**AVAILABLE DATA:**
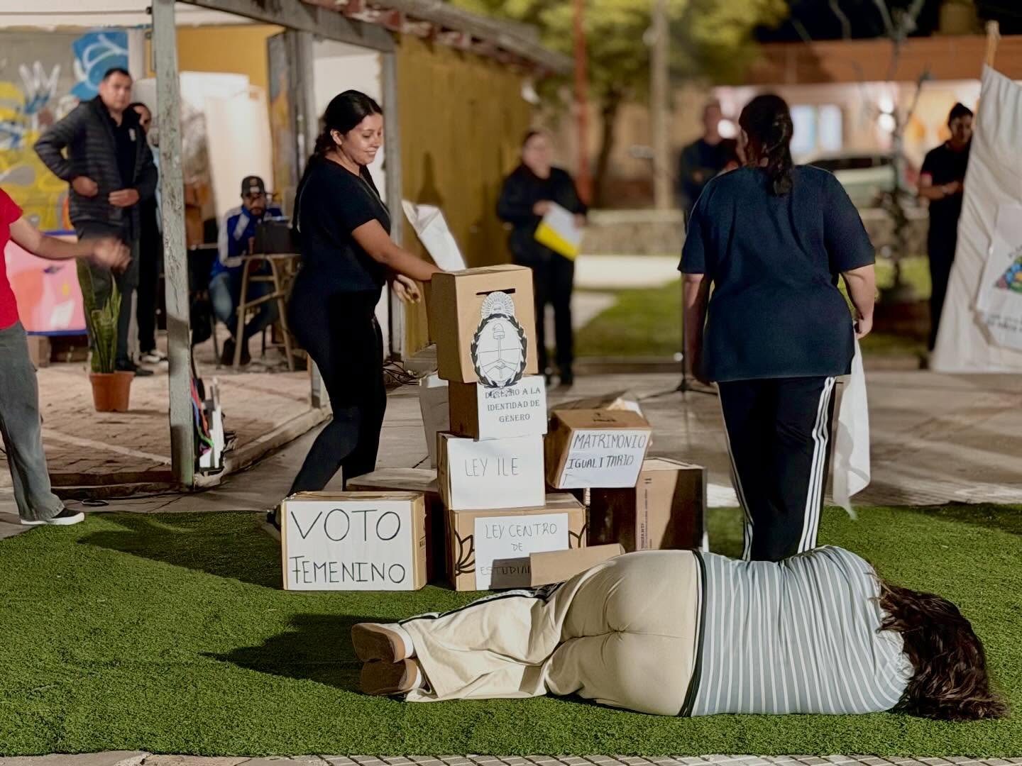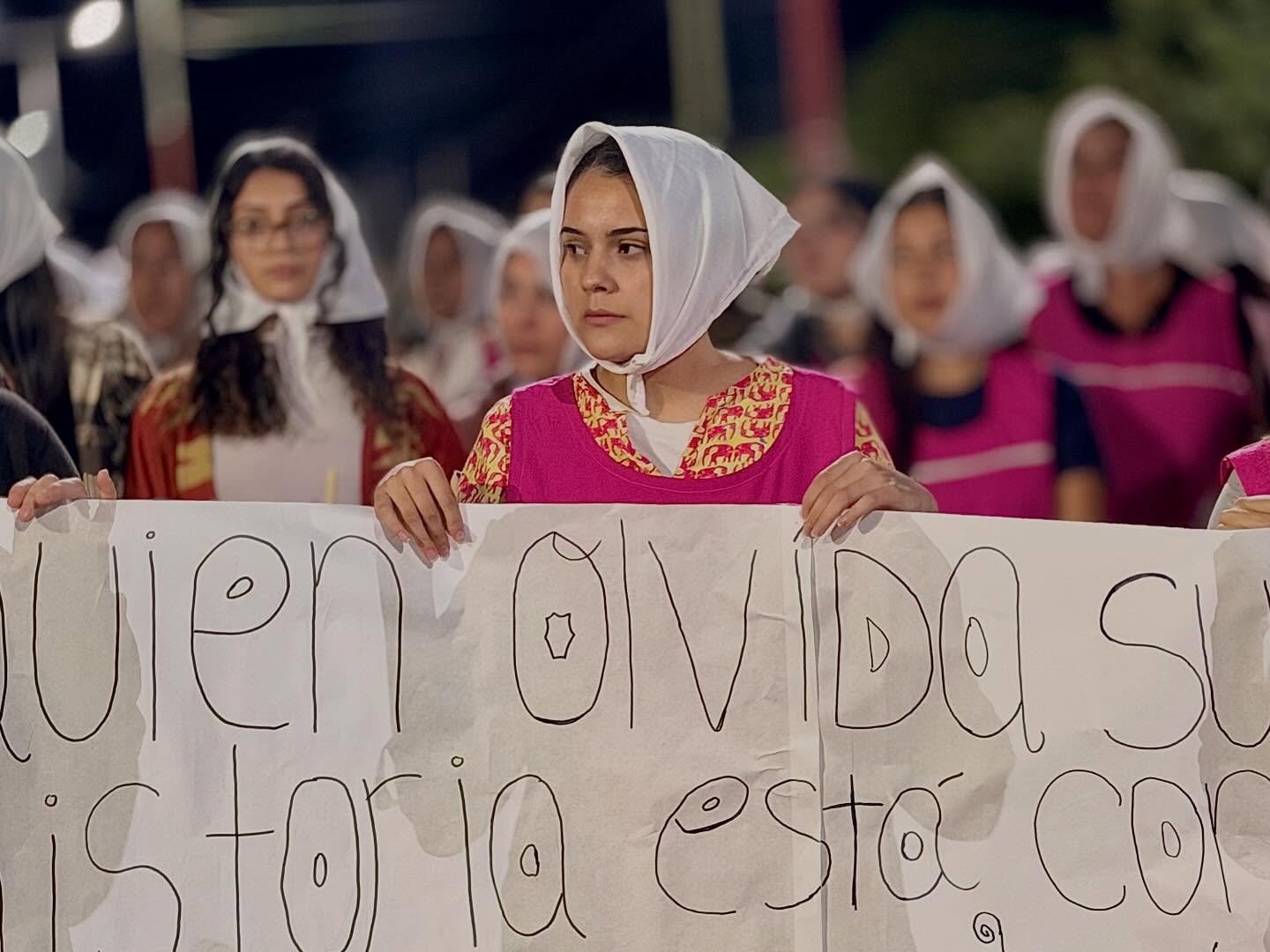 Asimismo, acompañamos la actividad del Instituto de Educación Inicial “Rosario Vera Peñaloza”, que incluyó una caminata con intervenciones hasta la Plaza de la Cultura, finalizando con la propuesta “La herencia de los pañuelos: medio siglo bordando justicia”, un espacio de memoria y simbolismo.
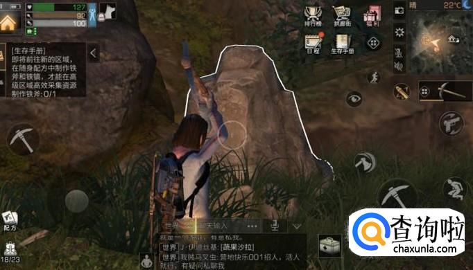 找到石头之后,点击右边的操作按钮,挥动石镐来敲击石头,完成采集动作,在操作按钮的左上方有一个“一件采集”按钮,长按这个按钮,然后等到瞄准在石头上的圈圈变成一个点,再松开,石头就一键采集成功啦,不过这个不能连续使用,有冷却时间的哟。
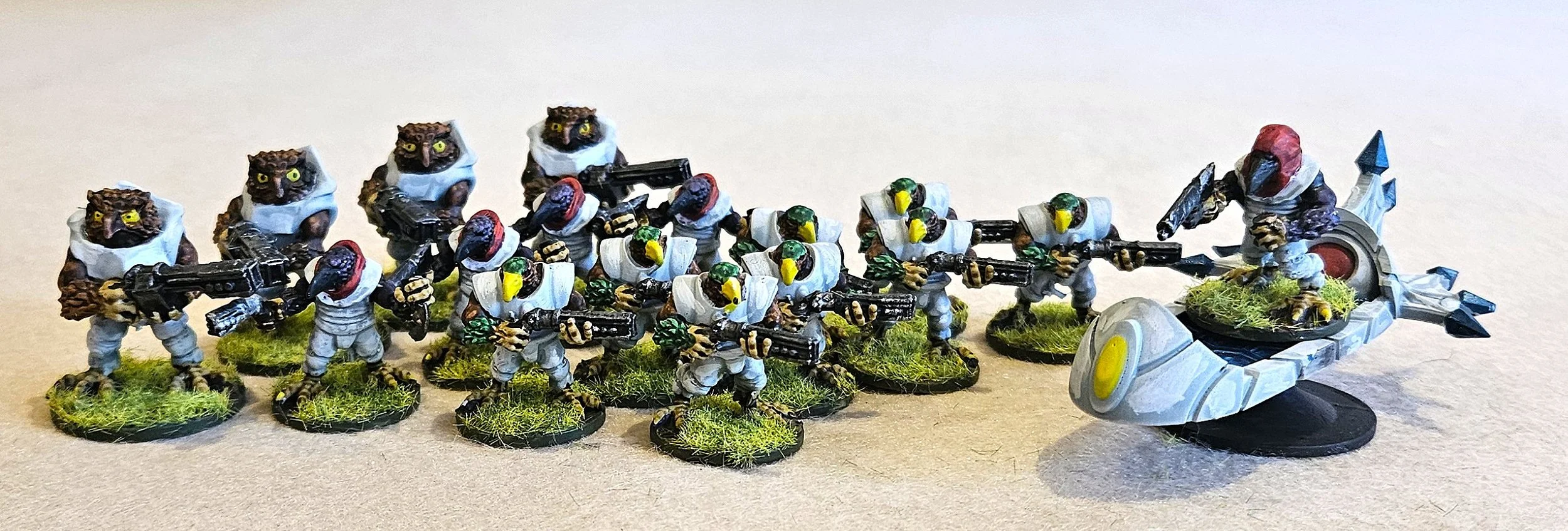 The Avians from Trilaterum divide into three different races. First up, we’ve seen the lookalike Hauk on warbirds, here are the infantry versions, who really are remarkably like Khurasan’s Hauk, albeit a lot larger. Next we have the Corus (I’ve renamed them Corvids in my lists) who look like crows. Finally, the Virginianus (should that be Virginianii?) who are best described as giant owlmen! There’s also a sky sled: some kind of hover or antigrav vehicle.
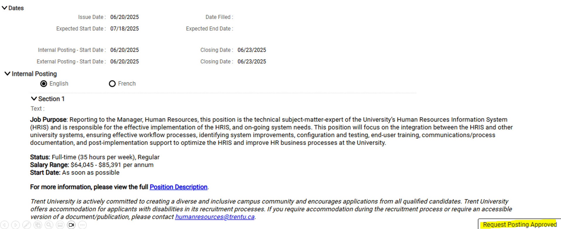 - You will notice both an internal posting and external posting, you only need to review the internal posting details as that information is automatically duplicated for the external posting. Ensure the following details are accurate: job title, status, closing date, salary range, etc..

**TASK DIRECTIONS:** Apart from the pictures, every line of the material above is to be returned word for word.

**ANSWER TO THE EXERCISE:**
 Asimismo, acompañamos la actividad del Instituto de Educación Inicial “Rosario Vera Peñaloza”, que incluyó una caminata con intervenciones hasta la Plaza de la Cultura, finalizando con la propuesta “La herencia de los pañuelos: medio siglo bordando justicia”, un espacio de memoria y simbolismo.
 找到石头之后,点击右边的操作按钮,挥动石镐来敲击石头,完成采集动作,在操作按钮的左上方有一个“一件采集”按钮,长按这个按钮,然后等到瞄准在石头上的圈圈变成一个点,再松开,石头就一键采集成功啦,不过这个不能连续使用,有冷却时间的哟。
 The Avians from Trilaterum divide into three different races. First up, we’ve seen the lookalike Hauk on warbirds, here are the infantry versions, who really are remarkably like Khurasan’s Hauk, albeit a lot larger. Next we have the Corus (I’ve renamed them Corvids in my lists) who look like crows. Finally, the Virginianus (should that be Virginianii?) who are best described as giant owlmen! There’s also a sky sled: some kind of hover or antigrav vehicle.
 - You will notice both an internal posting and external posting, you only need to review the internal posting details as that information is automatically duplicated for the external posting. Ensure the following details are accurate: job title, status, closing date, salary range, etc..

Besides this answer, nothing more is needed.